Personal information
- Born: September 18, 1968 (age 57) Split, SR Croatia, SFR Yugoslavia
- Listed height: 6 ft 11 in (2.11 m)
- Listed weight: 235 lb (107 kg)

Career information
- NBA draft: 1990: 2nd round, 29th overall pick
- Drafted by: Chicago Bulls
- Playing career: 1985–2006
- Position: Small forward / power forward
- Number: 7

Career history
- 1985–1991: Jugoplastika
- 1991–1993: Benetton Treviso
- 1993–2000: Chicago Bulls
- 2000–2001: Philadelphia 76ers
- 2001–2002: Atlanta Hawks
- 2002–2006: Milwaukee Bucks

Career highlights
- 3× NBA champion (1996–1998); NBA Sixth Man of the Year (1996); NBA All-Rookie Second Team (1994); 3× EuroLeague champion (1989–1991); 3× EuroLeague Final Four MVP (1990, 1991, 1993); 2× FIBA European Selection (1991 2×); 50 Greatest EuroLeague Contributors (2008); 2× Triple Crown winner (1990, 1991); Italian League champion (1992); Italian Cup winner (1993); 4× Yugoslav League champion (1988–1991); 2× Yugoslav Cup winner (1990, 1991); 5× Euroscar Player of the Year (1990, 1991, 1994, 1996, 1998); 4× Mister Europa Player of the Year (1990–1992, 1996); 3× Croatian Sportsman of the Year (1989–1991); Franjo Bučar State Award for Sport (1992); FIBA World Championship MVP (1990); FIBA EuroBasket MVP (1991); FIBA Under-19 World Cup MVP (1987); FIBA Under-18 European Championship MVP (1986); FIBA's 50 Greatest Players;

Career NBA statistics
- Points: 9,810 (11.6 ppg)
- Rebounds: 3,555 (4.2 rpg)
- Assists: 3,119 (3.7 apg)
- Stats at NBA.com
- Stats at Basketball Reference
- Basketball Hall of Fame
- FIBA Hall of Fame

= Toni Kukoč =

Croatian basketball player (born 1968)

Toni Kukoč (/sh/; born September 18, 1968) is a Croatian former professional basketball player who serves as special advisor to Jerry Reinsdorf, the owner of the Chicago Bulls.
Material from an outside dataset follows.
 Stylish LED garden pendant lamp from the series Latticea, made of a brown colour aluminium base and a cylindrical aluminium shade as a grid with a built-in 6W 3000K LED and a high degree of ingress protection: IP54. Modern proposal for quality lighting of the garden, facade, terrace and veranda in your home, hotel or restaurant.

After a highly successful period in European basketball, he was one of the first established European stars to play in the National Basketball Association (NBA). Kukoč played for four NBA teams between 1993 and 2006, winning the NBA Sixth Man of the Year Award in 1996. He is a three-time NBA champion, having won championships with the Chicago Bulls in 1996, 1997 and 1998.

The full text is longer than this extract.